How the Enterprise of Things is Turning out to be a Waste of Money
The Internet of Things (IoT) has had a significant impact on the Enterprise industry. In this digital age, businesses that can leverage the vast benefits of IoT technology will be the ones that thrive.
However, research shows that most Enterprise of Things initiatives implemented in the business paradigm will end up a waste of money. This is because the deployment of off the shelf consumer-oriented devices such as wearables, AR/VR headsets, and sensor-based products is not always enough.
Instead, most companies need a more specialized approach than just deploying silo devices into their environment if they wish to receive all the benefits of EoT.
Research has indicated that nearly 75 to 85 percent of all the data gathered from devices is never fully utilized. Enterprises often fail to leverage the long-term advantage of EoT to collect disparate data from multiple sources/processes, which can then be aggregated and processed into a form of actionable intelligence, making it a strategic asset to the organization.
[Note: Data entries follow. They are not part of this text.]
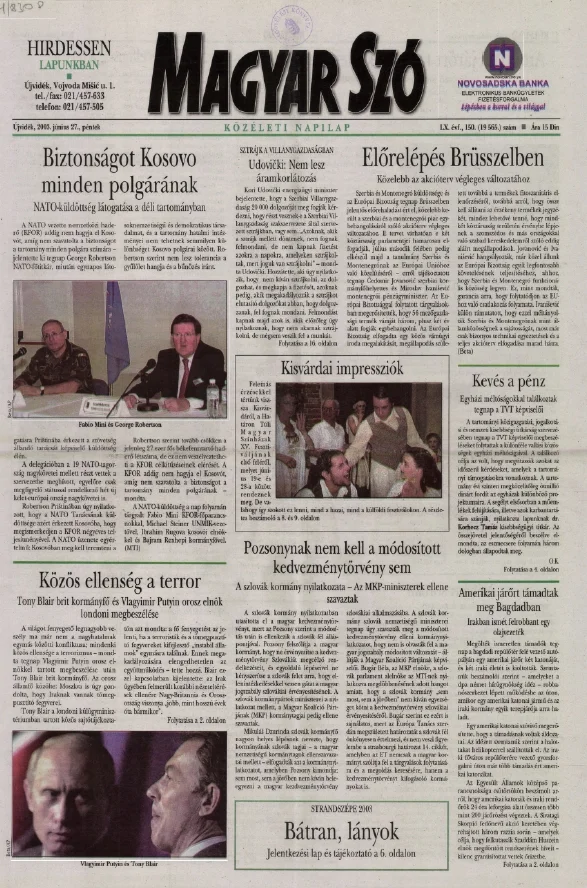 Magyar Szó, 60. évf. 2003. június 27. 150. sz. 1–16. oldal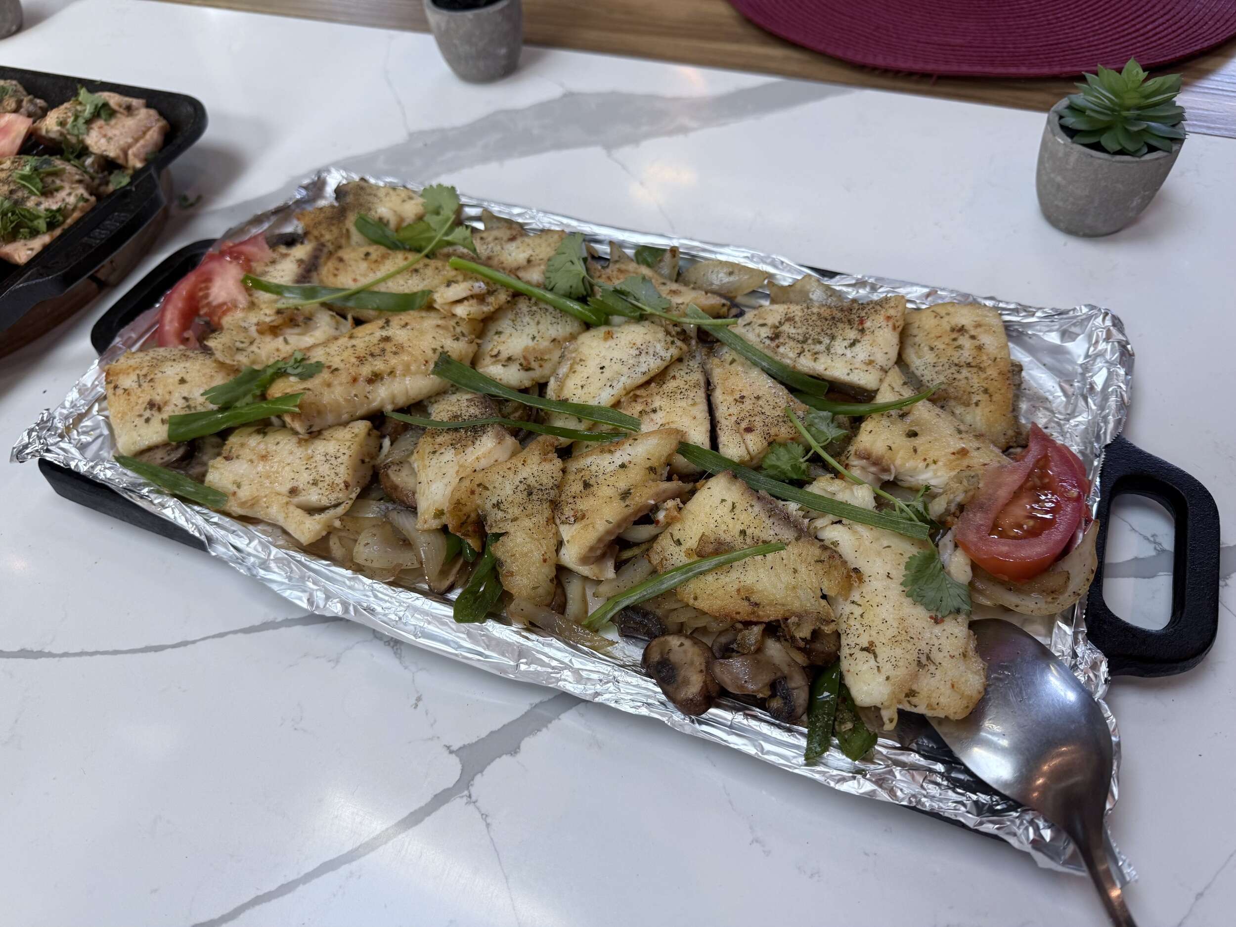 A05A-Fish Fillet Fried with Onion and Mushroom,  Finger Torn Cabbage, Steam Rice or Fried Rice;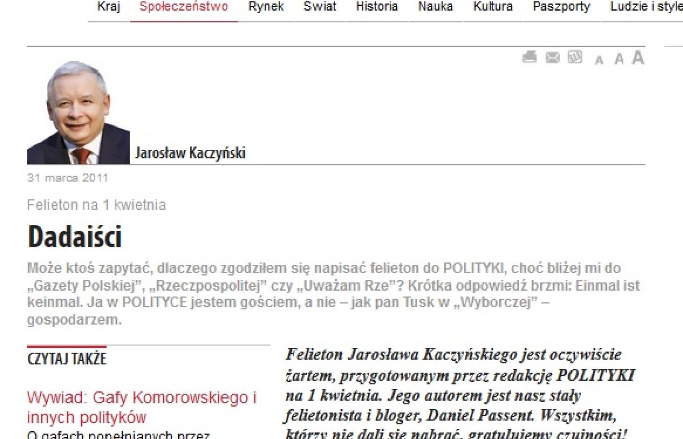 – Może ktoś zapytać, dlaczego zgodziłem się napisać felieton do POLITYKI, choć bliżej mi do „Gazety Polskiej”, „Rzeczpospolitej” czy „Uważam Rze”? Krótka odpowiedź brzmi: Einmal ist keinmal. Ja w POLITYCE jestem gościem, a nie – jak pan Tusk w „Wyborczej” – gospodarzem – tłumaczył w swoim felietonie współpracę z tygodnikiem Jarosław Kaczyński. Wytłumaczenie, dlaczego prezes PiS zdecydował się na współpracę z pismem, które wielokrotnie krytykował, na tyle ją uwiarygodniło, że wiele redakcji nabrało się na żart. Na szczęście podobało się też prezesowi.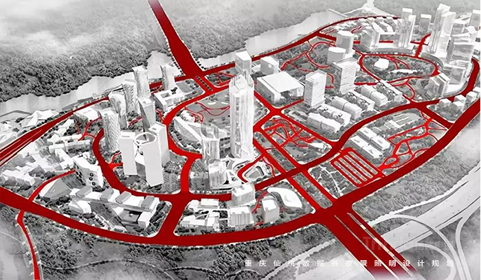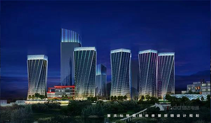 信達電通以梳理景觀層次,打造宜觀、宜居的夜環境;綜合國家照明標準與仙桃國際數據谷自身特性,合理規劃功能照明;在防控光污染、照明控制技術、照明手法三個層面體現“仙桃國際數據谷”,打造智慧城市、低碳交通、健康宜居環境、科技智慧支撐平臺;營造優美的重慶夜景觀城市地標為照明目標。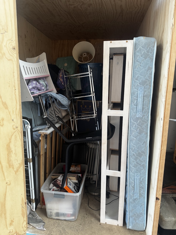 Mattress, bed frame , Many Boxes , books jewellery, radiators, step ladders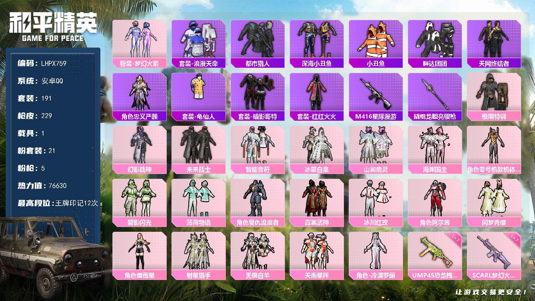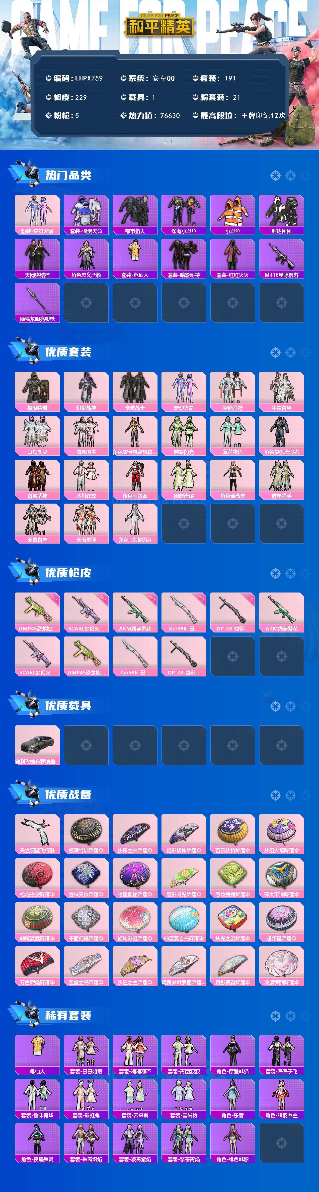 - [16330614]【店主推荐捡漏号!可直接换绑】安卓 手Q-2粉装-5特效枪-0载具-1粉色飞行器-50076热力值-8王牌印记-131套装-170枪皮 【热门品类】:套装-浪漫天命,套装-龟仙人 【粉色套装】:套装-创世·救赎,角色-绯穹魔姬 【粉色枪皮等级】:AUG-暖羊咩咩(五级),UMP45-量子极限(五级),P90-金丰海韵(七级),Kar98K-巳巳如意(五级),DP-28-豹影疾电(五级) 【粉色枪皮】:AUG-暖羊咩咩,UMP45-量子极限,P90-金丰海韵,Kar98K-巳巳如意,DP-28-豹影疾电 【粉色降落伞】:洛神天依降落伞,音爆索尼克降落伞,第五大道降落伞,创世·救赎降落伞,临安公主降落伞,月影灵韵降落伞,樱桃泡泡降落伞,荧海星豚降落伞,异瞳寒姬降落伞,炫彩糖果降落伞 【稀有套装】:套装-龟仙人,套装-绒宝小鹅,套装-雪国风尚,角色-临安公主,套装-燕燕于飞,套装-鱼渊荷华,套装-霓虹热舞,套装-朱霞炽焰,套装-凌霄紫焰,套装-擎苍青焰,角色-紫俏灵猫,套装-画境星梦,套装-琴音绮想,套装-炫彩糖果 【稀有枪皮】:AKM-彩虹符号,AKM-破晓战魂,AKM-虎虎生威,AKM-龙的传人,M16A4-幻世战舞者,M16A4-红色方程式,M16A4-蓝色火焰,SCAR-L-夜灯,SCAR-L-玉兔迎春,SCAR-L-红色方程式,SCAR-L-小狗蛇点点,M416-糯团青竹,M416-红色方程式,M416-绯红前夜,M416-蓝色火焰,GROZA-彩虹符号,GROZA-田园牧歌,AUG-天降萌叽,AUG-耀粉歌者,QBZ-彩虹符号,M762-天降萌叽,M762-彩虹符号,M762-绯红前夜,M762-萌物绒绒,AC-VAL-天降萌叽,蜜獾-垂柳戏鸭,蜜獾-天降萌叽,ACE32-画境星梦,ARX-凌霄紫焰,UZI-啾咪啾咪,UZI-天降萌叽,UZI-炫彩节奏,UZI-红色方程式,UMP45-夜灯,UMP45-炫光之旅,UMP45-生命誓言,UMP45-蓝色火焰,Vector-生命誓言,Vector-田园牧歌,汤姆逊-天降萌叽,汤姆逊-炫彩节奏,汤姆逊-耀粉歌者,MP5K-画境星梦,JS9-凌霄紫焰,Kar98K-彩虹符号,Kar98K-洛神天依,Kar98K-红色方程式,SKS-金玉无双,VSS-彩虹符号,VSS-田园牧歌,VSS-绿野极光,Mini14-旋转彩虹

This can be implemented by integrating information gathered from all data sources (not just the 15 to 25 percent) into a consolidated data engine that is tied closely into corporate backend systems such ERP, sales, service management, to name a few.
Organizations should not see EoT as a siloed stand-alone capability for a single process, instead, as an extension of the existing corporate system. Although deployment of EoT is necessary to stay competitive, organizations need to come up with a strategy to fully exploit the potential insights that the input devices provide. Furthermore, they must fully utilize the output capabilities tied to the corporate back-office systems to achieve the comprehensive benefits of EoT.
Many current back-office vendors such as IBM with Watson AI, and SAP with Leonardo initiative, are enabling companies to accomplish the same. Amazon, Google, Microsoft, and others are also developing EoT initiatives to allow efficient data acquisition and analysis for improved corporate insight and application.